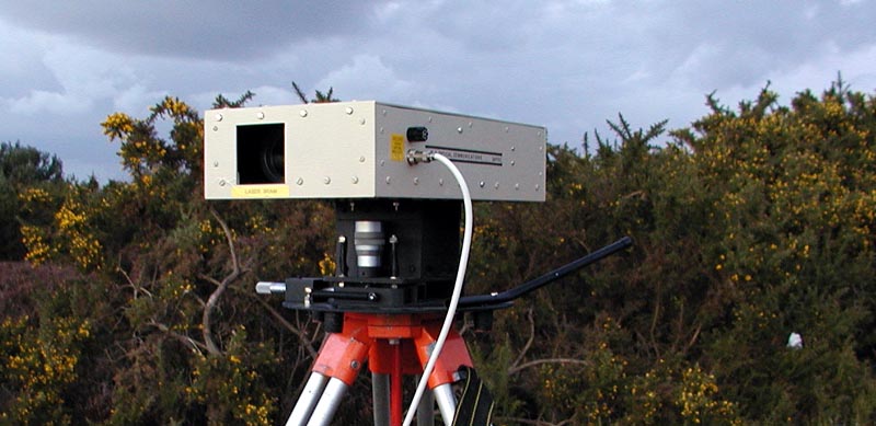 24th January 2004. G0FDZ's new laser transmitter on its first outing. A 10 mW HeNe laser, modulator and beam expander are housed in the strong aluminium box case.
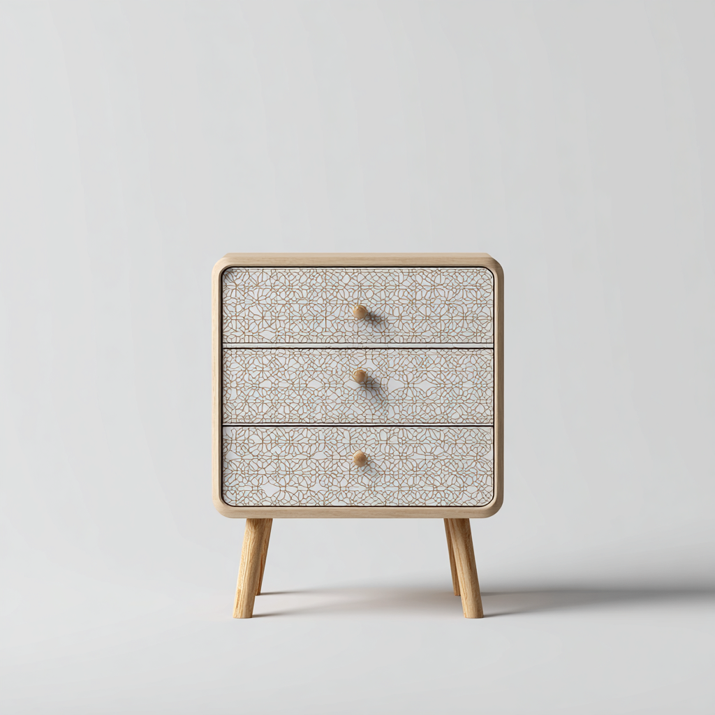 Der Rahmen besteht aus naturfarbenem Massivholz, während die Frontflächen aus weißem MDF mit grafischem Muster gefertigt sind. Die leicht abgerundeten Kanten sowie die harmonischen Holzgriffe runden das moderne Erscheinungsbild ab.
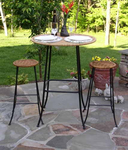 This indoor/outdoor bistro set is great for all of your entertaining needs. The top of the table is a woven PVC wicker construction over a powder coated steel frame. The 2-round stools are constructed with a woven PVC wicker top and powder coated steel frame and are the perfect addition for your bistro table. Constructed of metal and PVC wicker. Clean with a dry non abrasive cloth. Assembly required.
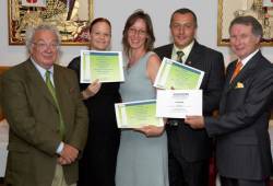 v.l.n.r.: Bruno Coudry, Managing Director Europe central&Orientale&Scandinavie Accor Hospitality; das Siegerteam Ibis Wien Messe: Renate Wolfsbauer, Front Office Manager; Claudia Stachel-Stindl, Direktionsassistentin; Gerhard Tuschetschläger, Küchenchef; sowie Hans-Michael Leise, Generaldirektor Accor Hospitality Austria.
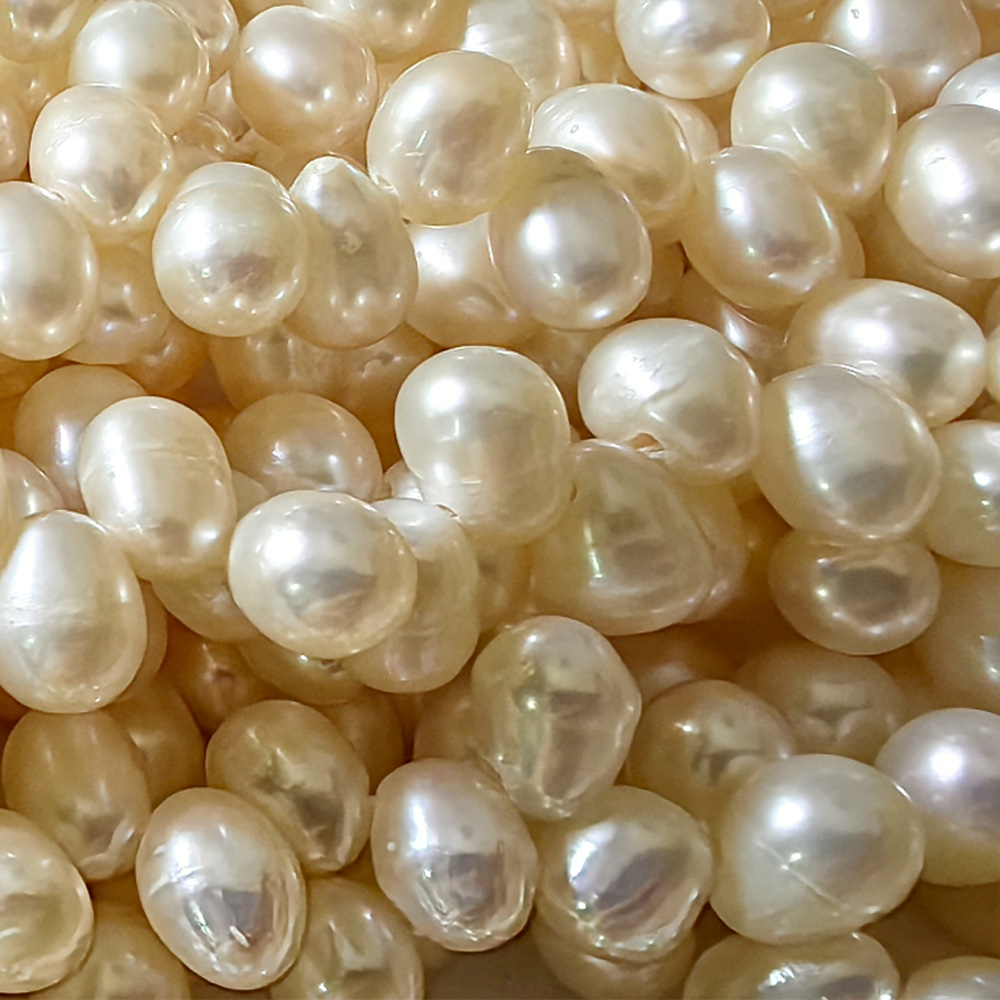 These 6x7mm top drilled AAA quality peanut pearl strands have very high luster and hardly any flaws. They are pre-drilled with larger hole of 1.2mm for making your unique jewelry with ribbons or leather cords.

---

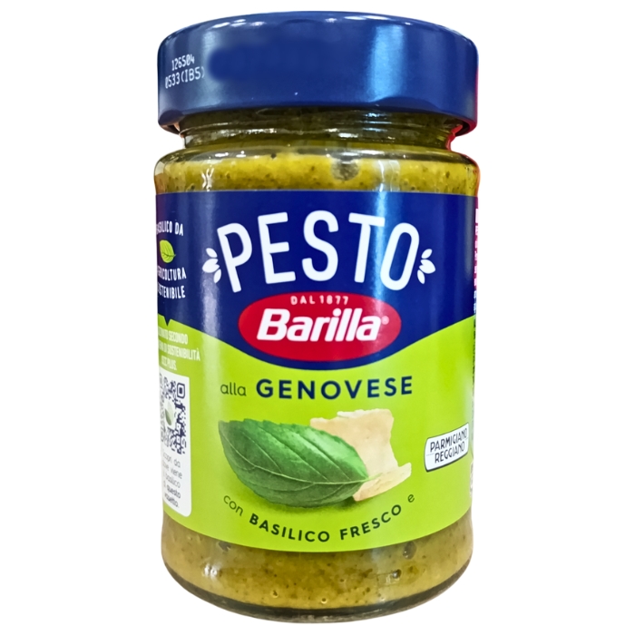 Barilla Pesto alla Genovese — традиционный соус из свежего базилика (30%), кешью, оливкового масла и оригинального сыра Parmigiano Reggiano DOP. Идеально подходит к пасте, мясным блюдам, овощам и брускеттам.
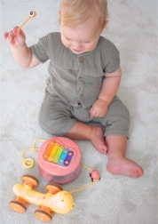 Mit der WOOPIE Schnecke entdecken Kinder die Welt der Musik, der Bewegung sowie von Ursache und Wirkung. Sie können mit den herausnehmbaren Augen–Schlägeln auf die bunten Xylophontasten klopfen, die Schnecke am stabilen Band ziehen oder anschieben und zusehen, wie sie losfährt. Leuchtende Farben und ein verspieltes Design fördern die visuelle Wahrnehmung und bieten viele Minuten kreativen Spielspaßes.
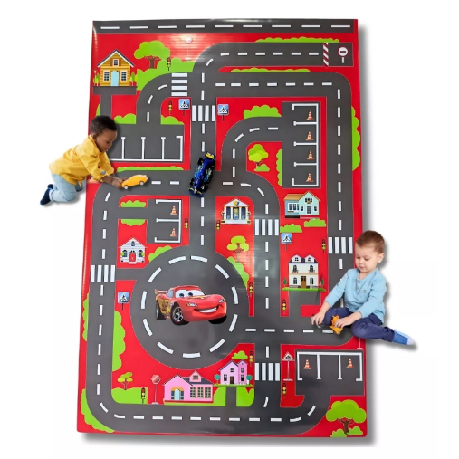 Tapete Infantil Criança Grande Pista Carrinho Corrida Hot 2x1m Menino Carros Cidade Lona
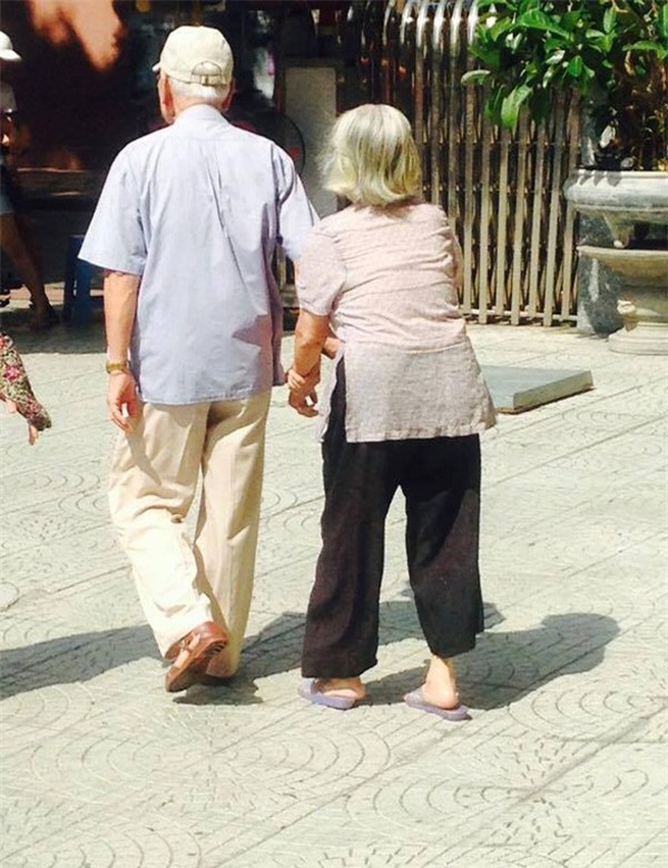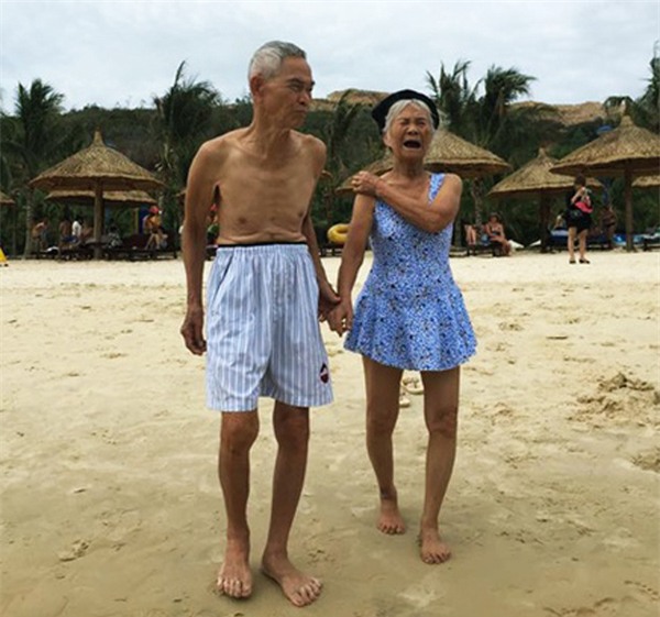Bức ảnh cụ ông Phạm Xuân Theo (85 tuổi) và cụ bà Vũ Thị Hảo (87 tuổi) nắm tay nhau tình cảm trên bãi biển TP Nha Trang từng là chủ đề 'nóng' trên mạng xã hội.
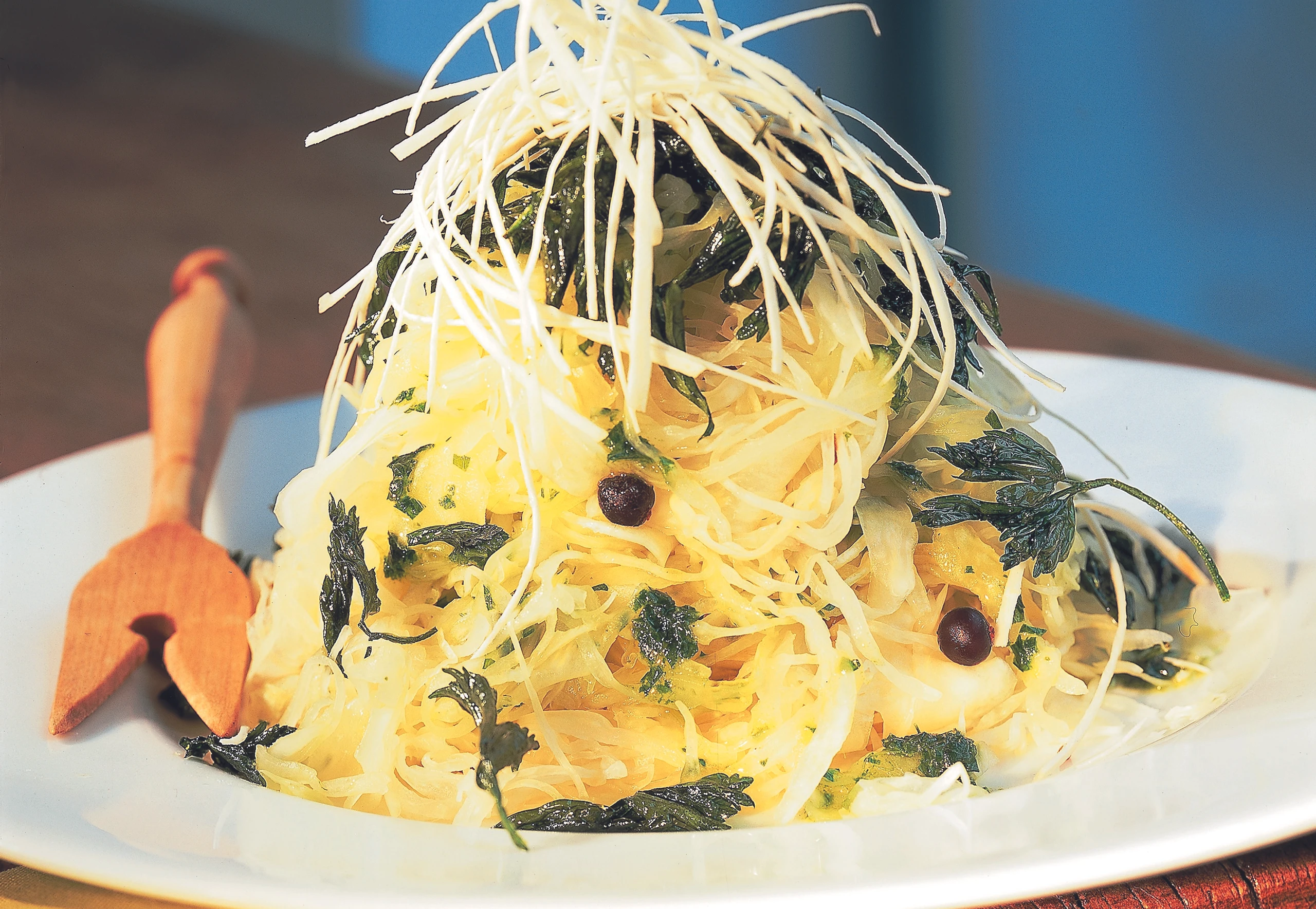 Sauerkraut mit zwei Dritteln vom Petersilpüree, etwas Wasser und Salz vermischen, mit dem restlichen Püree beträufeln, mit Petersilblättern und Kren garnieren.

...

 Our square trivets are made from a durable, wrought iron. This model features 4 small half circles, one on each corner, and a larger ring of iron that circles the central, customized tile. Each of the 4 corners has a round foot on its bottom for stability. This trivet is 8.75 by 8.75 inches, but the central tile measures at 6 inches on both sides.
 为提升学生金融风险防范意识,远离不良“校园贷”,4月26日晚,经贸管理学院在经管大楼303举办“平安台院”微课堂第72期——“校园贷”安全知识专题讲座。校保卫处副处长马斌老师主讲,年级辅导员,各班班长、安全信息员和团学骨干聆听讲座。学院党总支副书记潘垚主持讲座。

Task directions |
Reproduce the data above exactly, but only from the line containing "24th January 2004." through the line containing "These 6x7mm top"; skip the pictures.

Response area |
 24th January 2004. G0FDZ's new laser transmitter on its first outing. A 10 mW HeNe laser, modulator and beam expander are housed in the strong aluminium box case.
 Der Rahmen besteht aus naturfarbenem Massivholz, während die Frontflächen aus weißem MDF mit grafischem Muster gefertigt sind. Die leicht abgerundeten Kanten sowie die harmonischen Holzgriffe runden das moderne Erscheinungsbild ab.
 This indoor/outdoor bistro set is great for all of your entertaining needs. The top of the table is a woven PVC wicker construction over a powder coated steel frame. The 2-round stools are constructed with a woven PVC wicker top and powder coated steel frame and are the perfect addition for your bistro table. Constructed of metal and PVC wicker. Clean with a dry non abrasive cloth. Assembly required.
 v.l.n.r.: Bruno Coudry, Managing Director Europe central&Orientale&Scandinavie Accor Hospitality; das Siegerteam Ibis Wien Messe: Renate Wolfsbauer, Front Office Manager; Claudia Stachel-Stindl, Direktionsassistentin; Gerhard Tuschetschläger, Küchenchef; sowie Hans-Michael Leise, Generaldirektor Accor Hospitality Austria.
 These 6x7mm top drilled AAA quality peanut pearl strands have very high luster and hardly any flaws. They are pre-drilled with larger hole of 1.2mm for making your unique jewelry with ribbons or leather cords.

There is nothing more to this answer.